━━ SOURCE DATA ━━
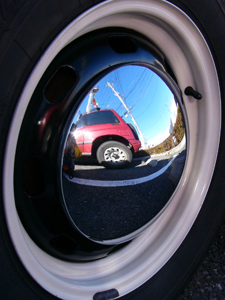 どこぞの写真とちょっと似てるかも。これは何日か前に見た、フォルクスワーゲン ビートルの車輪に映る世界。そんな世界がぎゅぅ〜っと、ねじ曲がって見えるのは、ワタシの目のせいではない、と思う。
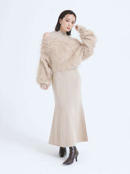こちらは、ふわふわのオフショルトップスと、シンプルなマーメイドシルエットのノースリーブワンピースのセットアイテム。上品な色合いも、モテ女子って感じで好印象。肌見せのチラリ具合も程よい。【USAGI ONLINE限定カラー】【セットアイテム】オフショルレイヤードニットワンピース/アニュアンス
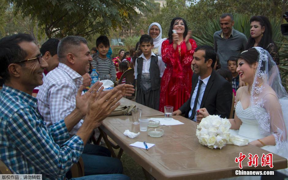 当地时间10月23日,叙利亚科巴尼一对新人正在举行婚礼。婚礼现场布置的十分简单,夫妻二人沿途走过的街头废墟和大炮随处可见。新郎新娘在户外举办了酒席,亲朋好友相聚。这对科巴尼库尔德夫妻是自从科巴尼从“伊斯兰国”手中夺回后第一对举行婚礼的夫妻。
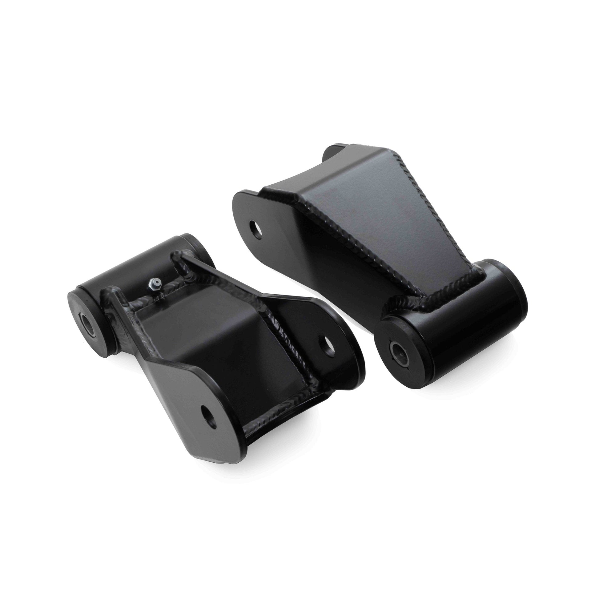 The Dirt King long travel shackles allow for additional down travel when paired with long travel leaf springs and are much stronger compared to the factory shackles. They are CAD designed and constructed using 3/16" thick steel. The shackles drop the rear ride height to help level the vehicle. They also have grease ports to easily service the bushings.
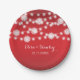 String of lights and white snowflakes red winter wedding paper plate featuring white twinkle glowing string of lights with white snowflakes on the top on red gradient background. This modern and trendy wedding design is part of a wedding set or collection, is fully customisable and is perfect for a winter Christmas wedding, bridal shower, reception, engagement, or anniversary party. Some elements courtesy of vectorportal.com.
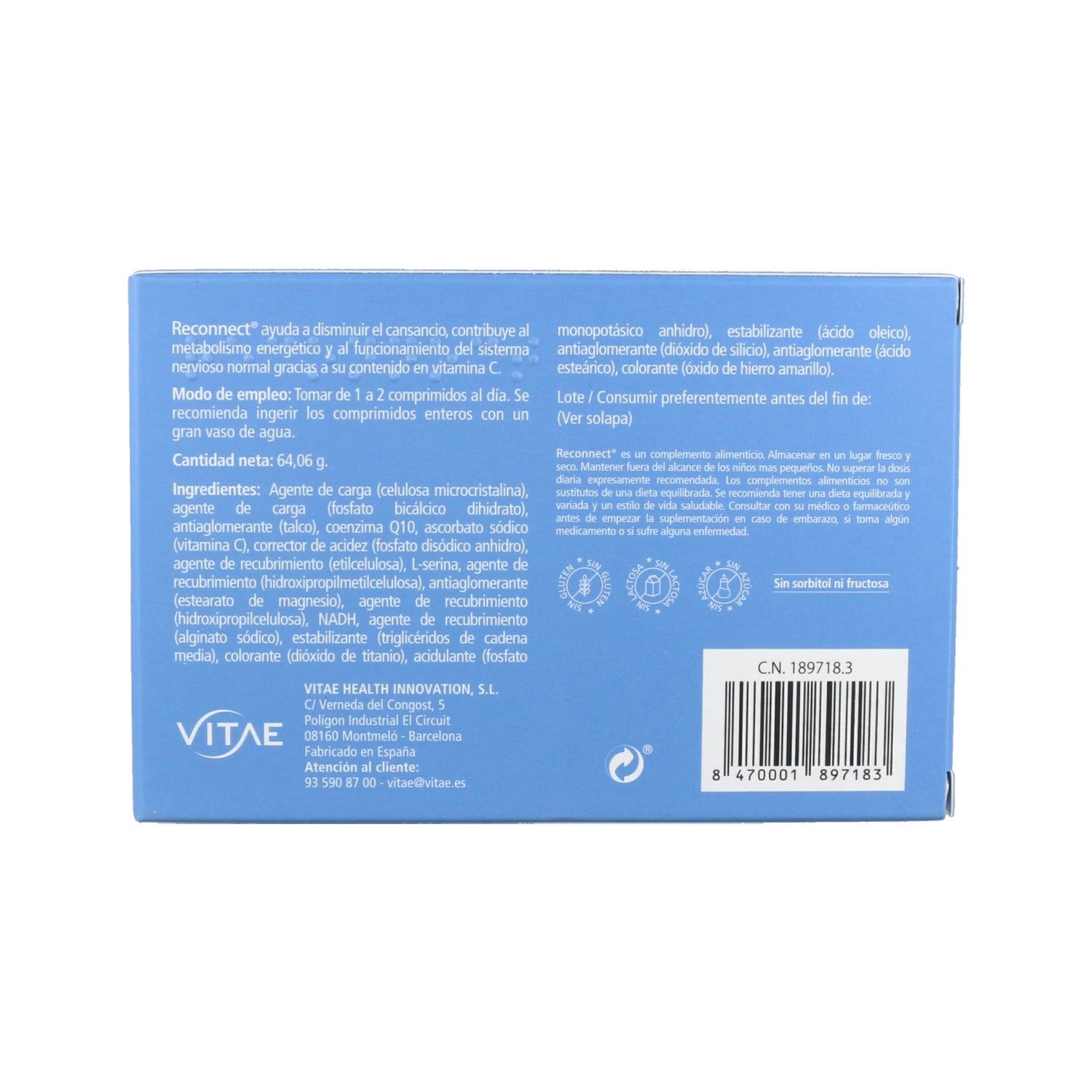 Vitae ReConnect® 90comps est un complément alimentaire qui aide à améliorer les performances physiques et cognitives et est particulièrement indiqué pour aider à prévenir les pertes de mémoire liées à l'âge. Son excellente formulation est basée sur la combinaison du NADH, de la coenzyme Q10, de la sérine et de la vitamine C.
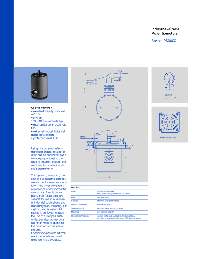Potencjometr w obudowie przem. IP65, kąt 355stopni, pot. średnica Servi 20 (2"); średnica bębna 82mm; ośka 10mm; dł. 91mm; złącze; trwałość 100.000.000 cykli, lin.0,1 %; std 5 kohm (art.no.010061)
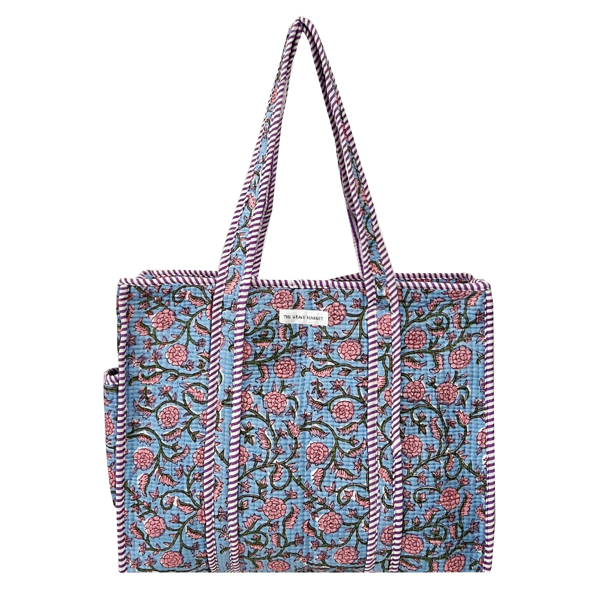 Add a touch of calm and class to your day with our Wild Flower - Tote Bag. A soft, hand block-printed beauty that brings together artistic expression and practical design. With its elegant floral motif on a quilted neutral base, this handmade cotton tote bag offers the perfect balance of sophistication and everyday versatility.
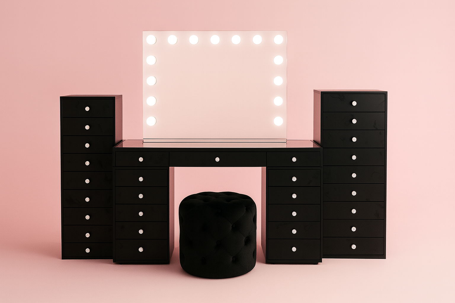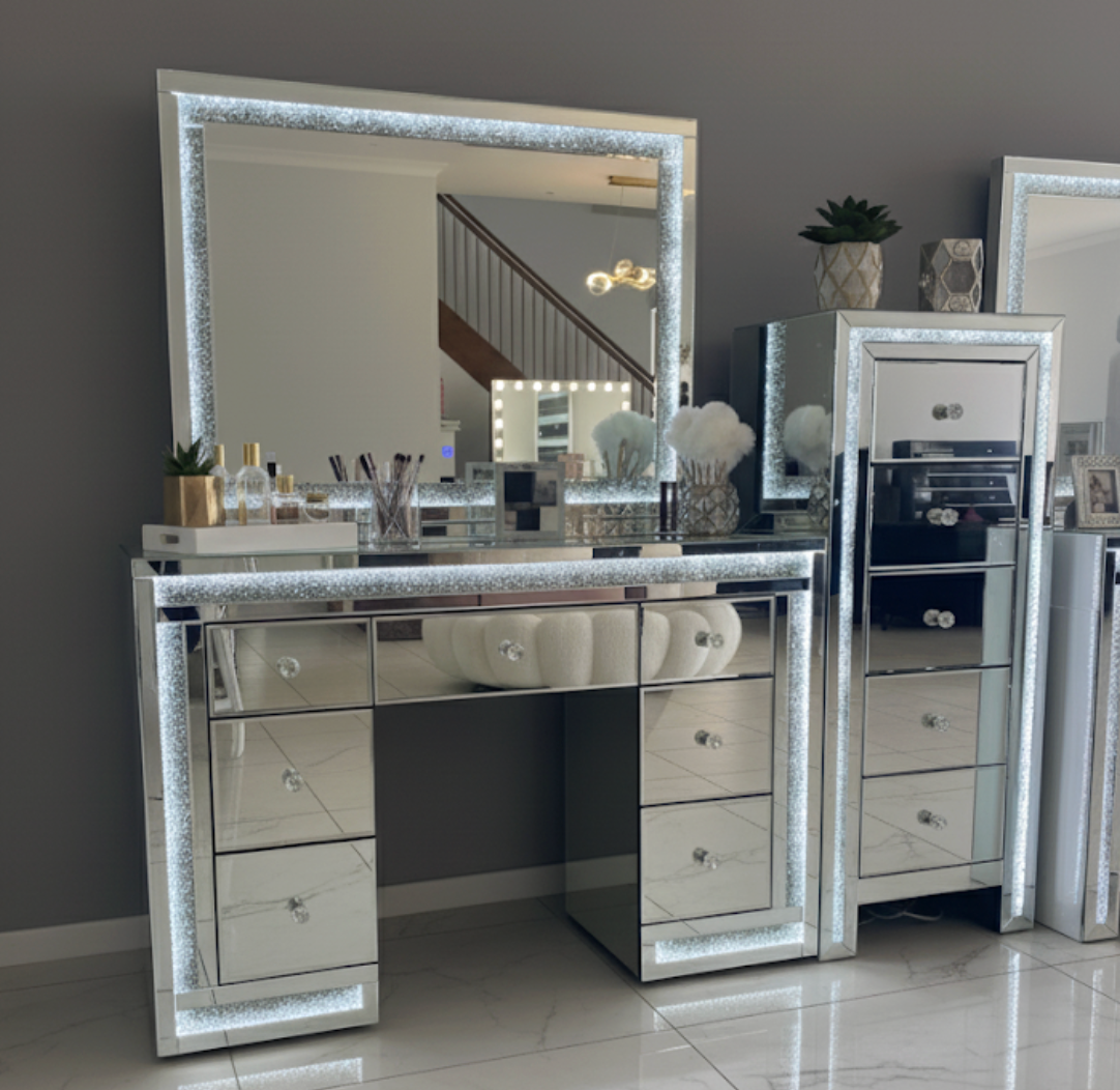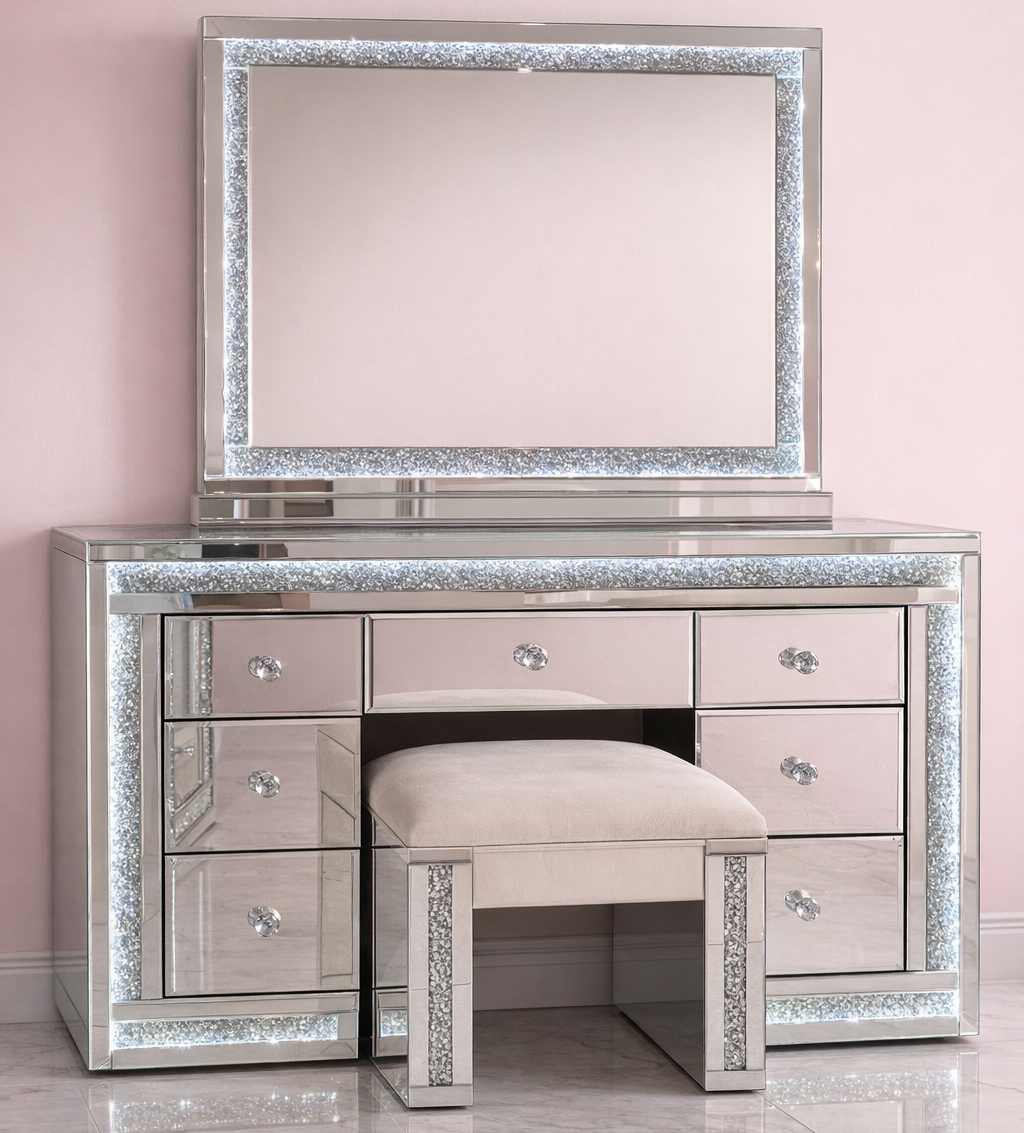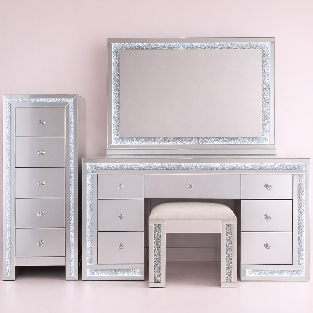 Whether you are just planning your glam room or want to change your current setup, Vanity Vault gets you covered. We provide a complete Vanity Vault Essentials Package that comprises a tasteful vanity table, a stylish mirror, and a beautiful ottoman. Get more makeup vanity tables here and give your home the luxurious touch it deserves. From the Classic Vanity Desk to the Luna Luxe Mirror, our premium offerings are designed to assist you in creating an ideal beauty space. Design your ideal room today and indulge in luxury daily!
━━━
## WHAT THE TASK ASKS
For this answer, return word for word the lines from the first line of the records through the line containing "The Dirt King". Omit the pictures.

## WRITTEN RESPONSE
 どこぞの写真とちょっと似てるかも。これは何日か前に見た、フォルクスワーゲン ビートルの車輪に映る世界。そんな世界がぎゅぅ〜っと、ねじ曲がって見えるのは、ワタシの目のせいではない、と思う。
こちらは、ふわふわのオフショルトップスと、シンプルなマーメイドシルエットのノースリーブワンピースのセットアイテム。上品な色合いも、モテ女子って感じで好印象。肌見せのチラリ具合も程よい。【USAGI ONLINE限定カラー】【セットアイテム】オフショルレイヤードニットワンピース/アニュアンス
 当地时间10月23日,叙利亚科巴尼一对新人正在举行婚礼。婚礼现场布置的十分简单,夫妻二人沿途走过的街头废墟和大炮随处可见。新郎新娘在户外举办了酒席,亲朋好友相聚。这对科巴尼库尔德夫妻是自从科巴尼从“伊斯兰国”手中夺回后第一对举行婚礼的夫妻。
 The Dirt King long travel shackles allow for additional down travel when paired with long travel leaf springs and are much stronger compared to the factory shackles. They are CAD designed and constructed using 3/16" thick steel. The shackles drop the rear ride height to help level the vehicle. They also have grease ports to easily service the bushings.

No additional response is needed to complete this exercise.